What you should do –
Repeat exactly the lines of the records below, starting at the line containing "Beautiful linen blend" and ending at the line containing "全屋高端定制:柜体板材18厚". Leave the pictures out.
[Excerpted data Boundary: Start]
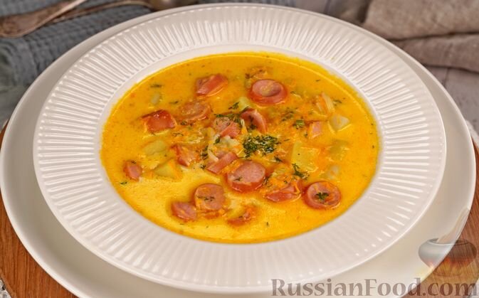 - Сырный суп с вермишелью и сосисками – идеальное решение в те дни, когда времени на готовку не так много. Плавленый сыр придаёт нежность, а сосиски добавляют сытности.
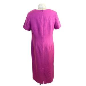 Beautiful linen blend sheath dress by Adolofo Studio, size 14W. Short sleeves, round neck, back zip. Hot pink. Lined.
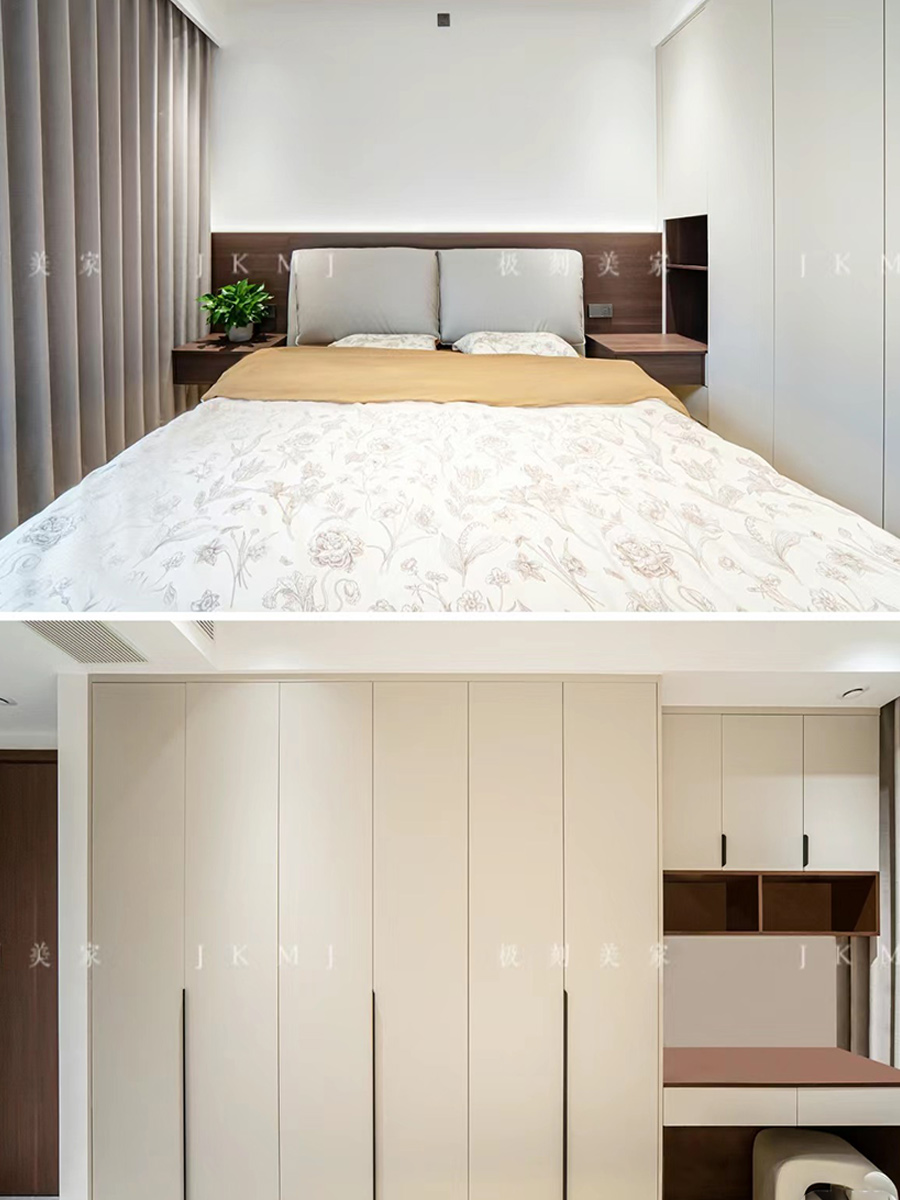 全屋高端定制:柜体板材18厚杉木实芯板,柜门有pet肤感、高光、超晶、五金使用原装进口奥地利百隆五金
[Excerpted data Boundary: End]
[Excerpted data Boundary: Start]
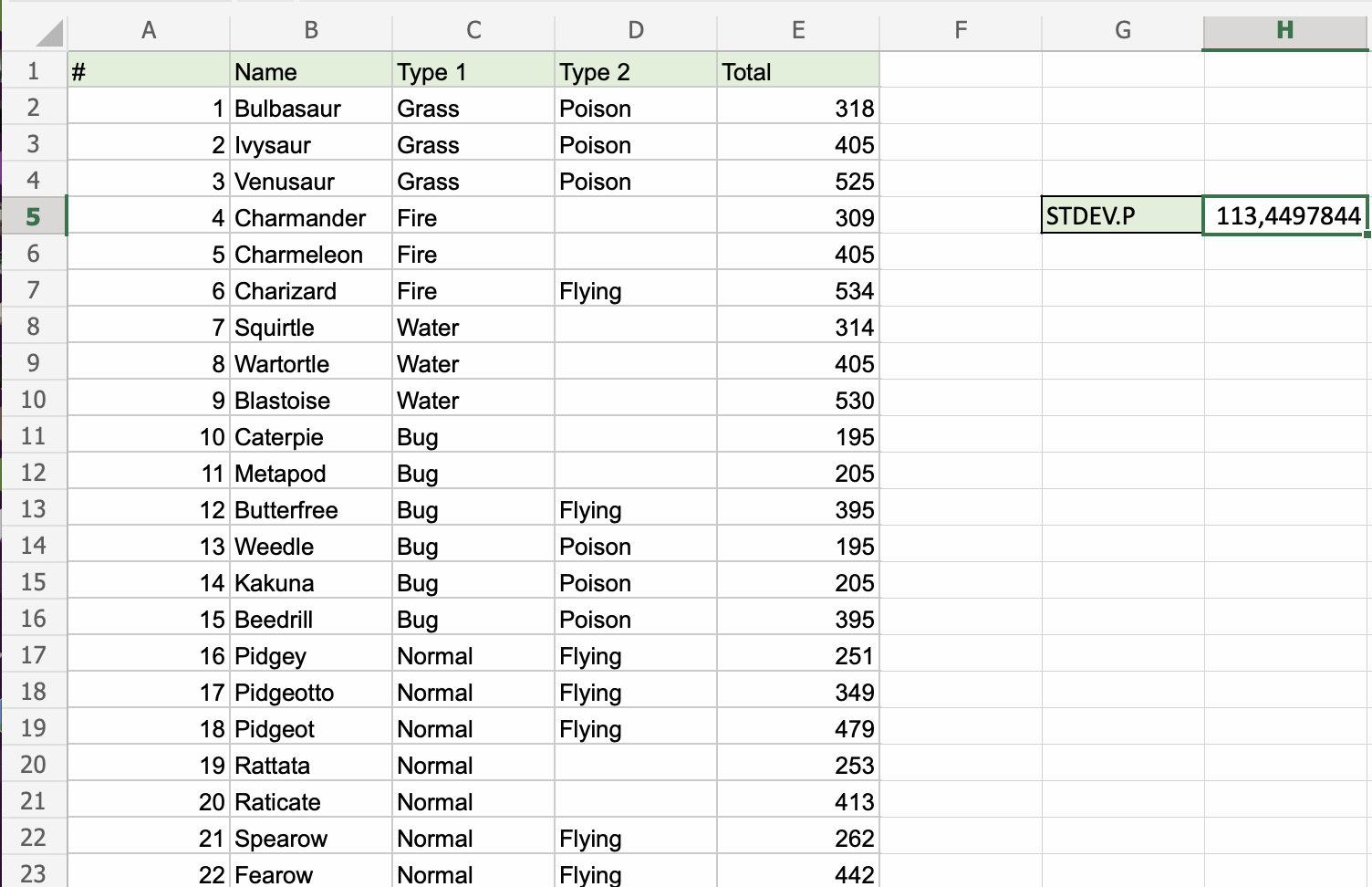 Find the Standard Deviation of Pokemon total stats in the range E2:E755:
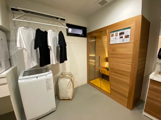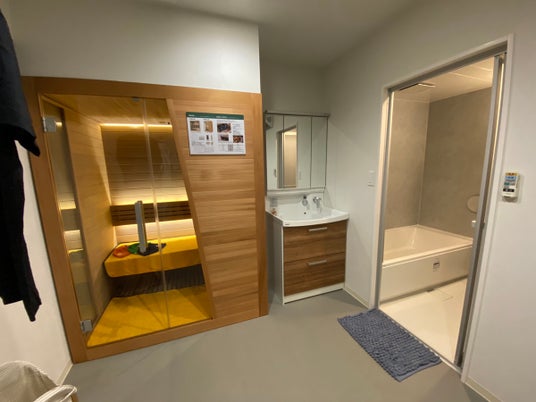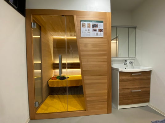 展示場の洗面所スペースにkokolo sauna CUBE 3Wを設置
[Excerpted data Boundary: End]
[Excerpted data Boundary: Start]
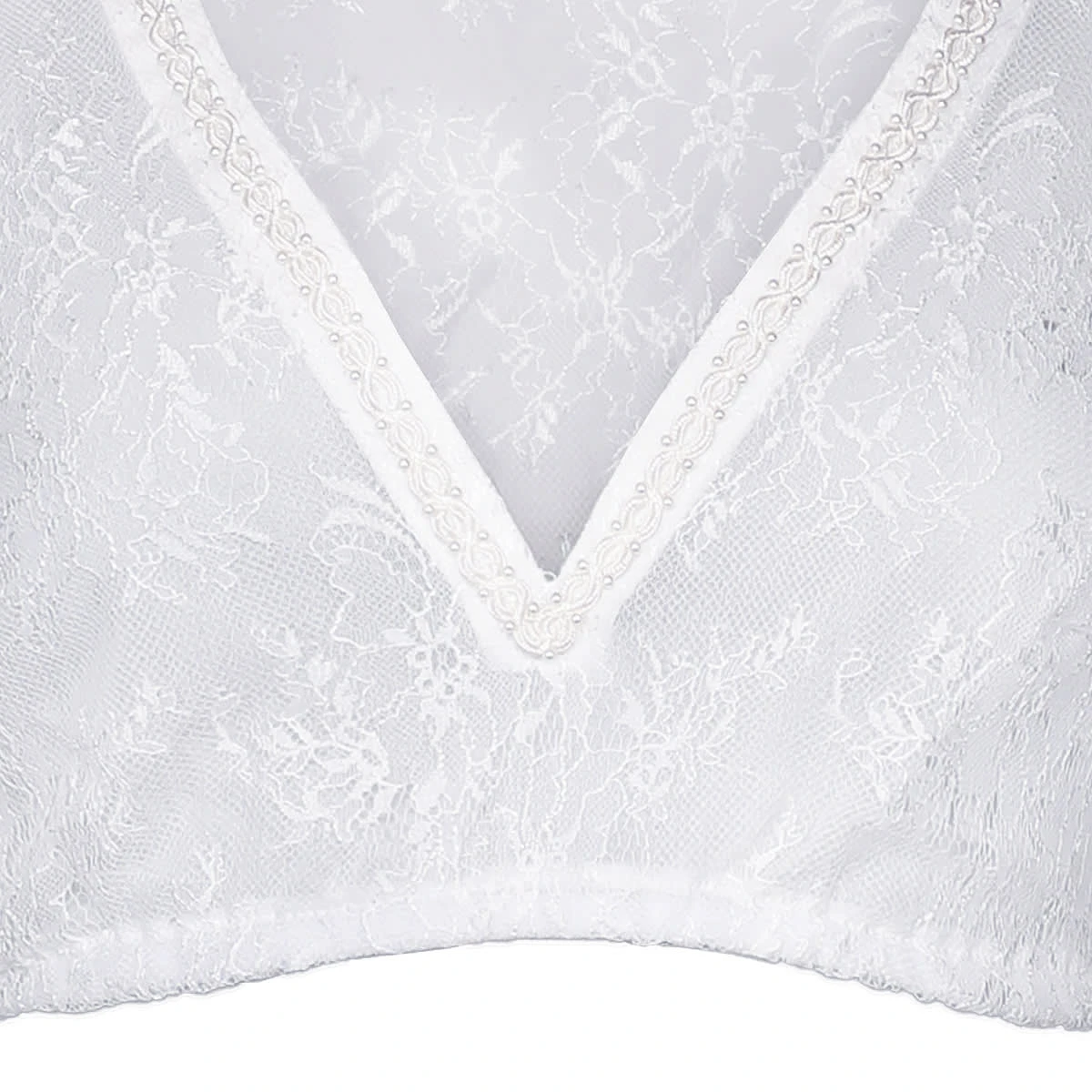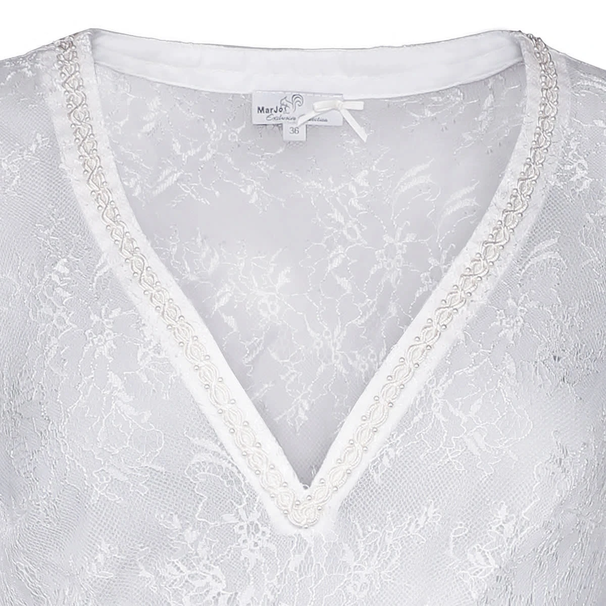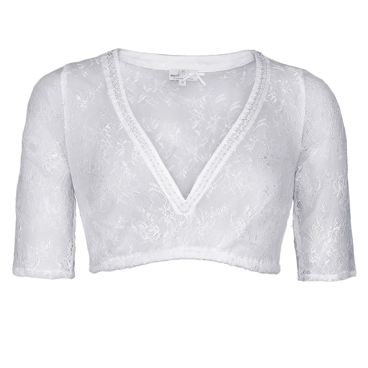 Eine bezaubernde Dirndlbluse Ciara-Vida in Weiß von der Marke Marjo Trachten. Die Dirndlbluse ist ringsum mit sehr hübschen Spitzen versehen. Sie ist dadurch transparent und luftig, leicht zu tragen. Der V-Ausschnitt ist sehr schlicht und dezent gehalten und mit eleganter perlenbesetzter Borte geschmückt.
[Excerpted data Boundary: End]
Result of this task –
 Beautiful linen blend sheath dress by Adolofo Studio, size 14W. Short sleeves, round neck, back zip. Hot pink. Lined.
 全屋高端定制:柜体板材18厚杉木实芯板,柜门有pet肤感、高光、超晶、五金使用原装进口奥地利百隆五金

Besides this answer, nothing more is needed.